Some guy's blog
Pyspark provides a great wrapper for DataFrame access but does come with a few little quirks. One that you may run into is trying to pass options to a DataFrame which include punctuation in their key names.
This may be obvious to a lot of folks, but Python doesn’t let you use special characters in variable
names. Chief among these is “.”. This presents a problem when using the Python version of
DataFrameReader.options
. Why is this? Let’s take a look at the definition
def options(**options):
..
Unlike Scala and Java which take a Map[String, String]
python takes **options.

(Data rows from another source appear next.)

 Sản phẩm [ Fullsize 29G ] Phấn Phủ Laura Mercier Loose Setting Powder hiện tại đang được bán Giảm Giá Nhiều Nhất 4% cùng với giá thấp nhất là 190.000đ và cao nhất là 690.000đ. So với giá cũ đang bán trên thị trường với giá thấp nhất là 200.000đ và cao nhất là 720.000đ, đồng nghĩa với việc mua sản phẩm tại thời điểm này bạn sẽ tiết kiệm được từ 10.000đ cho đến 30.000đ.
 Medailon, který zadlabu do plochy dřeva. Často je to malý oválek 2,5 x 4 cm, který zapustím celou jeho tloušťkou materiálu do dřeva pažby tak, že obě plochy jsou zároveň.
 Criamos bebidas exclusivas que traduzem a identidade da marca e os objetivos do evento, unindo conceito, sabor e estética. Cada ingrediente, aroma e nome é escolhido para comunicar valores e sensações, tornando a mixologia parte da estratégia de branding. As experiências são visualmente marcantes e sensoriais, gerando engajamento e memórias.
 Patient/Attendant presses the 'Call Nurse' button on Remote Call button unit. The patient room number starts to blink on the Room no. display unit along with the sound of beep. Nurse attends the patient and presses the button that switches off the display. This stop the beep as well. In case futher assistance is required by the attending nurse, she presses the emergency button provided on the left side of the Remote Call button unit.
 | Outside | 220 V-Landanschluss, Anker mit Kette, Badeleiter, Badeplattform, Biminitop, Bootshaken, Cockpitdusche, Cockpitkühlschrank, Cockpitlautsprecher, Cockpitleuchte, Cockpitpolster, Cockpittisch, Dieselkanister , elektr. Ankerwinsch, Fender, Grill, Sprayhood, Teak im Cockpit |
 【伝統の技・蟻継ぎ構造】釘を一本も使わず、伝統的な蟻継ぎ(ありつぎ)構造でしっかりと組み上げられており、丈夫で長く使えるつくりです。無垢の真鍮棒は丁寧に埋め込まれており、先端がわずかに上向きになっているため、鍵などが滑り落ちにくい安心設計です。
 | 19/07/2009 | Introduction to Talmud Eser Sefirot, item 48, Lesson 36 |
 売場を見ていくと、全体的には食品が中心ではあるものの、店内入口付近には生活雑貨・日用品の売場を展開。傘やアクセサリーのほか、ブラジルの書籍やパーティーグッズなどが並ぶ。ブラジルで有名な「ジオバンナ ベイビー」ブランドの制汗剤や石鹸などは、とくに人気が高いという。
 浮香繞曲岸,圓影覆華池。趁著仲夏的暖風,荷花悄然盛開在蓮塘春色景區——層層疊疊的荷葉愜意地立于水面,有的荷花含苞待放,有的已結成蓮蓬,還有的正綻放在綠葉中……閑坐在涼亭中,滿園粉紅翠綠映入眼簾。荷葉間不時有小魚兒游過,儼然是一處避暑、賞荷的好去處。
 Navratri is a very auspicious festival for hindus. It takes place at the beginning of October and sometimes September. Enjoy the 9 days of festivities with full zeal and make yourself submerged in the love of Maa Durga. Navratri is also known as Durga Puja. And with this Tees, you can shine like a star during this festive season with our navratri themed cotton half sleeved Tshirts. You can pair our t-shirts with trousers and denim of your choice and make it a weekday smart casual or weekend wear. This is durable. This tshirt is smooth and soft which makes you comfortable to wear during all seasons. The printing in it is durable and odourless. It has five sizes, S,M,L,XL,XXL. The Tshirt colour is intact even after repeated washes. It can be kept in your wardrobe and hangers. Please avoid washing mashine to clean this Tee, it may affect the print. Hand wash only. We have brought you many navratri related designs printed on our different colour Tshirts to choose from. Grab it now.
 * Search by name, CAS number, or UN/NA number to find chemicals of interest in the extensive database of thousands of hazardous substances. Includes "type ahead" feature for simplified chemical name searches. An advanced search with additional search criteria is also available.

If you aren’t familiar,
the **options
means that this particular function takes **kwargs
parameters.
**kwargs
means that the function takes variable number of arguments in the form of keyword = value
.
You would invoke such a function like
spark.read.options(keyword = value, keyword2 = value2)
This means that your keywords
must obey standard Python variable/function
naming policy which means something like
spark.read.options(spark.cassandra.input.split_size_in_mb = "52")
#SyntaxError: keyword can't be an expression
Will throw an error.
To get around this you can use the **
operator/un-packer to treat a python dictionary as
**kwargs
and pass through the otherwise illegal keys.
option_dict = { "spark.cassandra.connector.input.split_size_in_mb" : "52"}
spark.read.options(**option_dict)
This solves the problem and lets us use all of the Spark Cassandra Connector parameters just like were we using Scala or Java.
I’ve added a note about this to the Python Documentation on the SCC as well. Happy Pythoning!